Int J Thyroidol.  2023 May;16(1):128-133. 10.11106/ijt.2023.16.1.128.

Ultrasonographic Development and Progression of a Thyroid Nodule in a Girl with TPO-Mutated Dyshormonogenesis during Levothyroxine Supplementation

Affiliations
  • 1Department of Pediatrics and Adolescent Medicine, Chungbuk National University Hospital, Cheongju, Korea
  • 2Department of Pediatrics, Chungbuk National University College of Medicine, Cheongju, Korea

Abstract

Dyshormonogenesis is caused by genetic defects in thyroid hormone synthesis. The most common form is thyroid peroxidase (TPO) deficiency. Clinically variable degree of hypothyroidism and thyroid gland enlargement depend on the severity of the defect. We report 22-year-old female with congenital hypothyroidism (CH) caused by TPO deficiency. Since goitrous CH was diagnosed at 8-year-old, L-thyroxine has been supplemented. Her goiter size was fluctuated according to the compliance on the medication. After 3.5 years of medication, ultrasonography found solid nodule, which was interpreted as nodular hyperplasia pathologically. The nodule size did not change during recent 10 years except peripheral calcification. Genetic analysis using NGS for CH revealed compound heterozygous variants of c.2757del;p.(Met921Trpfs*53) and c.1580G>T;p.(Trp527Leu) in TPO gene. The first variant inherited from asymptomatic mother is pathogenic frame-shift mutation associated with stop codon, and the second one inherited from her asymptomatic father is predicted as deleterious in bioinformatics software program. From this case, we have observed that nodular change and calcification developed from diffuse enlarged goiter in dyshormonogenetic patient. Early molecular diagnosis of dyshormonogenesis and TSH suppression is important for not developing thyroid nodules in case of childhood euthyroid goiter without thyroid autoantibodies.

Keyword

Congenital hypothyroidism; Thyroid dyshormonogenesis; Thyroid peroxidase; TPO

Figure

  • Fig. 1 Initial thyroid examination at 8.2 years of age, shows diffuse enlargement with increased up-take in the 99mTc scan (left) and diffuse thyroid enlargement with heterogeneous echogenicity in ultrasonography (right).

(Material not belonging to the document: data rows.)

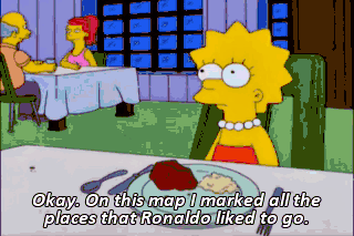Okay. On this map I marked all the places that Ronaldo liked to go. If we split up, we should be able to search them all. Hi-yah! We'll do our best. Now let's get goin'. - Ooh! - Check, please. Sí-í-í?
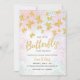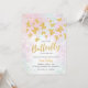Feiern Sie eine süße Ankunft mit diesem Baby-Shower-Design „Our little butterfly is on the way“ (Unsere kleine Schmetterling ist auf dem Weg), akzentuiert mit goldenen Glitter-Schmetterlingen und sanften pastellfarbenen rosa und violetten Wasserfarben. Perfekt für eine Babygirl-Party und die Feier für die werdende Mutter.
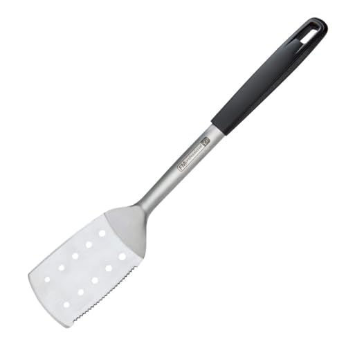 FMprofessional 22300 Spatule pour Barbecue en Acier Inoxydable avec Lame ondulée Noir/argenté
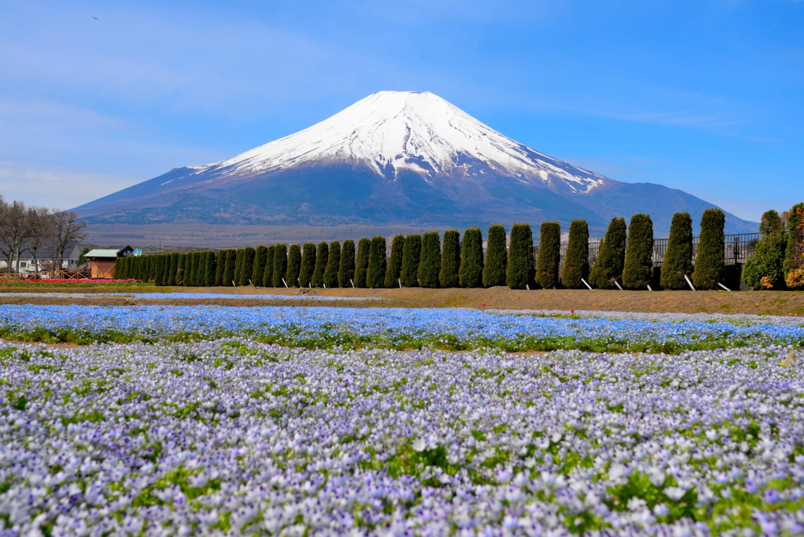 Situated at an elevation of 1,000 meters on the shores of Lake Yamanaka, this flower park offers the experience of viewing nemophila blooms with the majestic Mount Fuji as a backdrop. The park’s Seiryu-no-Sato-Lake Garden area features family-friendly water splash zones as well as viewing spots for the stunning Myojin Waterfall. The park itself is quite expansive, so consider renting a bicycle to cover more ground.
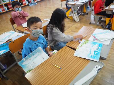 10月13日(木)の2校時目に、1年生が国語の授業で「くじらぐも」の学習をしていました。
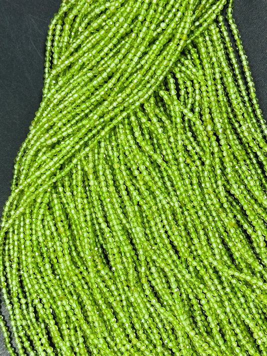 AAA NATURAL Peridot Gemstone Bead Faceted 2mm Round Bead, Beautiful Natural Green Color Peridot Gemstone Bead, Excellent Quality Beads 15.5"
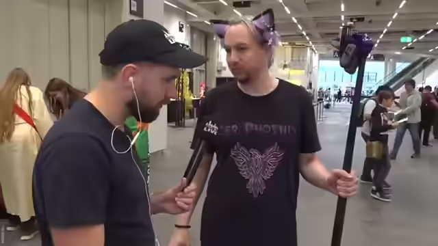 05:36:22Es wird eine "Gang" vorgestellt, die jedoch nicht wie erwartet mitmacht. Es wird ironisch über ein Holy-Sponsoring gesprochen, inklusive eines Rabattcodes. Ein Gast äußert seine Erwartungen an die Polaris, nämlich dass weniger Leute ihn von letztem Jahr kennen. Er findet die Convention größer als erwartet und lobt die Cosplay-Community. Es wird empfohlen, sich die Convention-Welt und Cosplay anzusehen. Der Streamer äußert den Wunsch, ein Labyrinth aus den vorhandenen Materialien zu bauen und Menschen darin nach einem Preis suchen zu lassen. Er plant, einen Clip für das nächste Jahr an das Polaris-Team zu schicken, um die Idee vorzustellen.
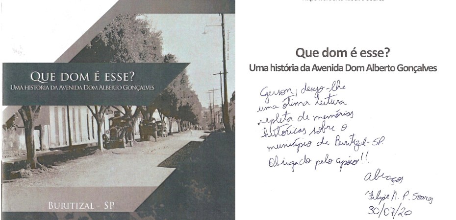 Hoje, recebemos em mãos um exemplar do livro “Que dom é esse? – Uma história da Avenida Dom Alberto Gonçalves”, de autoria de Filipe Norberto Ribeiro Soares, da cidade de Buritizal. Agradecemos pela lembrança, consideração e dedicatória. Desejamos sucesso e prosperidade ao Filipe.
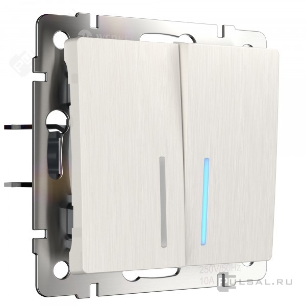 Переключатель Alumax, Split, Slab, Senso, Baguette, Acrylic, Platinum, Elite, Snabb, Stream, Flock, Stark, Fiore, Favorit, Diamant, Aluminium, Antik, Metallic, двухклавишный, с подсветкой, цвет - перламутр рифленый
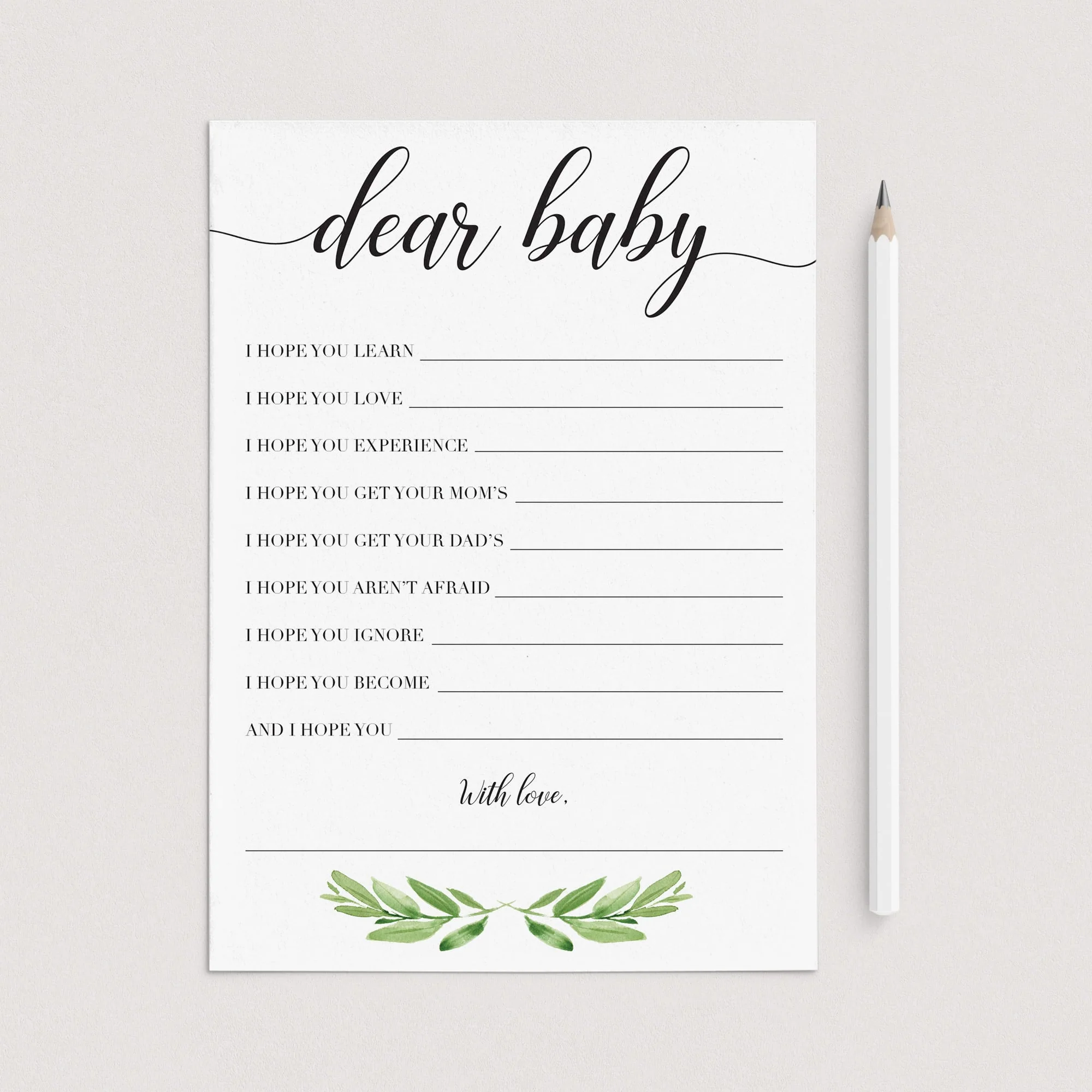 This greenery baby shower games pack includes the following popular baby shower keepsakes:

  • Fig. 2 At 11.6 years of age, an isoechoic solid nodule with a peripheral halo is visible in the right thyroid gland with diffusely enlarged and heterogeneously decreased echogenicity of the entire gland (left). Aspiration biopsy shows a benign follicular lesion favoring nodular hyperplasia (middle and right).

  • Fig. 3 At 22 years of age, a well-defined isoechoic solid nodule with peripheral calcification in the right inferior thyroid can be seen, along with an enlarged thyroid gland with diffuse heterogenous echogenicity and increased vascularity.